Dan's Papers is a free weekly lifestyle publication in the Hamptons, Long Island, New York, USA, founded by Dan Rattiner.The first of the papers that would later collectively come to be known as Dan's Papers was the Montauk Pioneer, which debuted July 1, 1960. Dan's Papers is currently published by Schneps Media.

In 2007, Dan's Papers was sold to Ohio-based Brown Publishing Company. After Brown went bankrupt, Dan's Papers was acquired by Manhattan Media in 2010.

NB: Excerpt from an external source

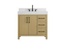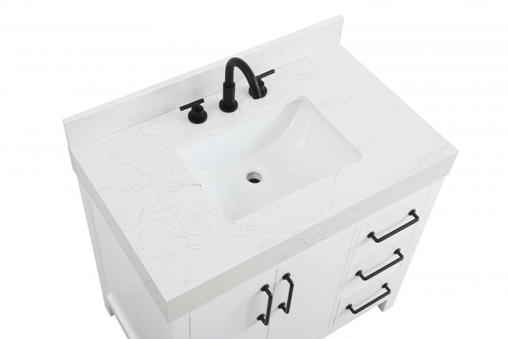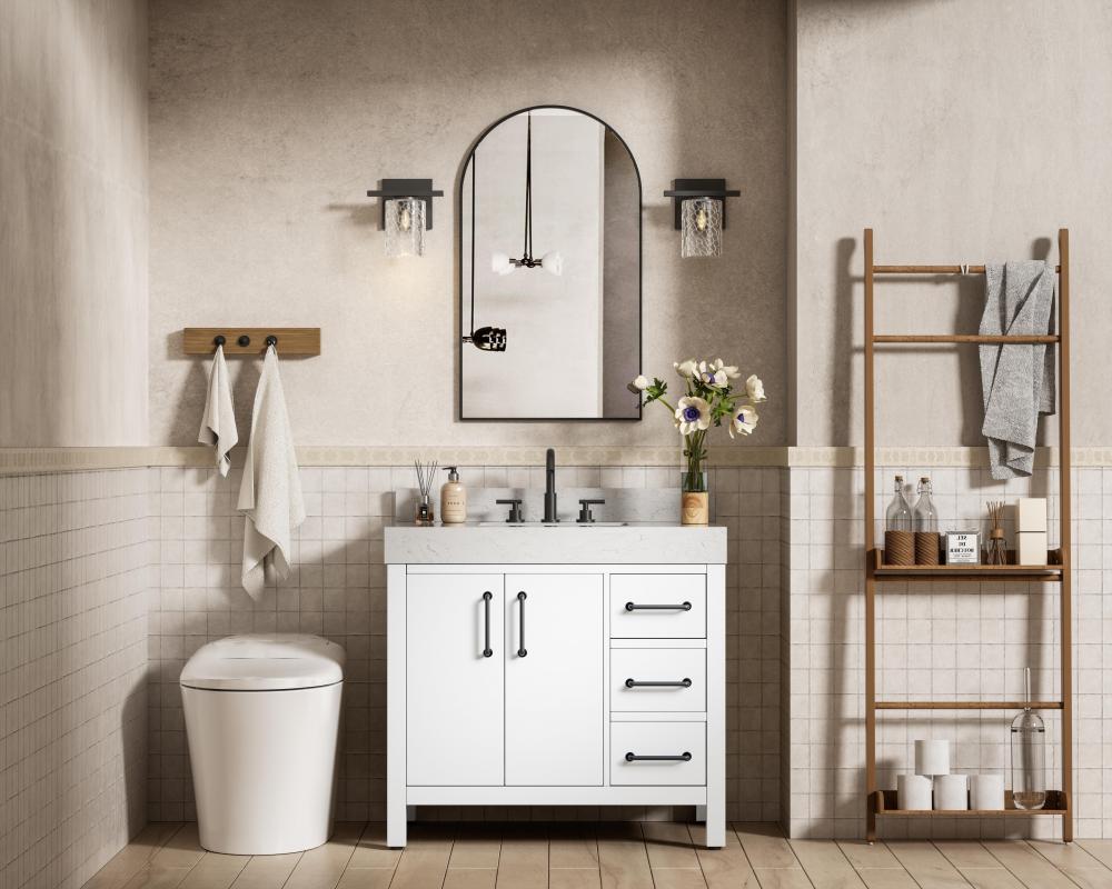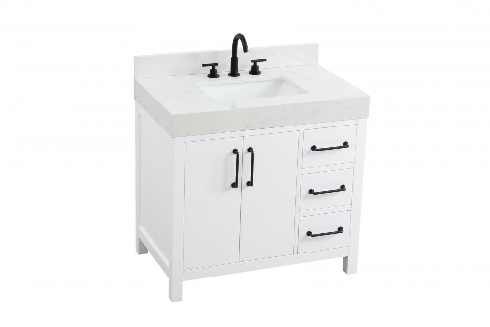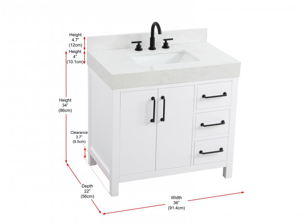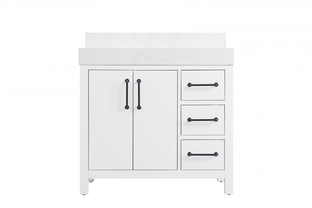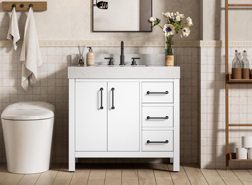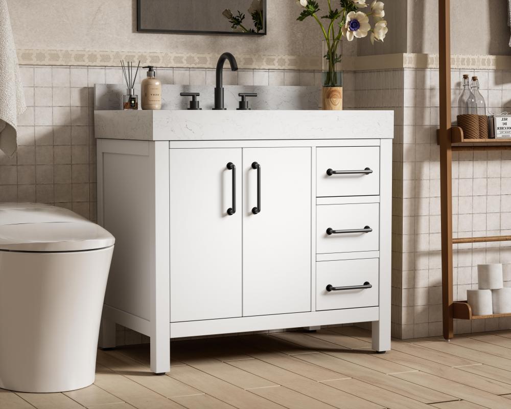 This bathroom vanity exudes a clean and structured design, making it a versatile addition to modern and transitional bathrooms. The bright white finish enhances the room's sense of light and space, creating a crisp and refreshing appearance. Elevate your bathroom functionality with this thoughtfully designed bathroom vanity cabinet. The standout feature is the engineered marble countertop, boasting a bold 4-inch thickness and natural veining for a striking visual appeal. The vanity features a functional layout, with two cabinet doors on one side and three stacked drawers on the other, creating a balanced and organized look. Matte black hardware, including slim and cylindrical pulls, contrasts elegantly against the white wood, reinforcing its contemporary vibe while providing subtle visual interest. The thick engineered marble countertop in crisp white adds a sharp contrast to the dark base, creating a visually dynamic combination that is both functional and stylish. This vanity is perfect for those seeking a design that combines modern simplicity with a touch of bold refinement. This vanity is delivered fully assembled and equipped with foot levelers for effortless installation and stability. Combining practicality and bold design, this vanity is UPC certified and ready to transform your bathroom space. The matching backsplash seamlessly integrates with the countertop, offering a cohesive design that protects walls from splashes while maintaining a unified look.
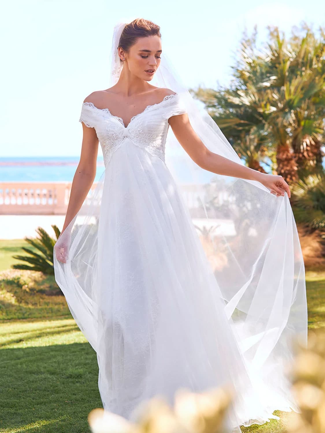 Svatební šaty ETAIN zaujmou jemnou éterickou estetikou a lehkostí, která je jako stvořená pro romantickou svatbu u moře i v zahradě. Empírový střih s lehce zvýšeným pasem krásně prodlužuje siluetu, zatímco měkká tylová sukně splývá s naprostou přirozeností a lehkostí.

Dan's Papers has gained notoriety for perpetrating various hoaxes, such as stories of a Hamptons Subway beneath the East End of Long Island. The first of these, in 1963, happened by mistake when founder Dan Rattiner incorrectly printed the timetable of trains in the paper. He received a call from the local stationmaster, who told him a crowd of people were there waiting for a train that doesn't exist.  The error made Rattiner realize he could do things to get the whole town talking about his paper.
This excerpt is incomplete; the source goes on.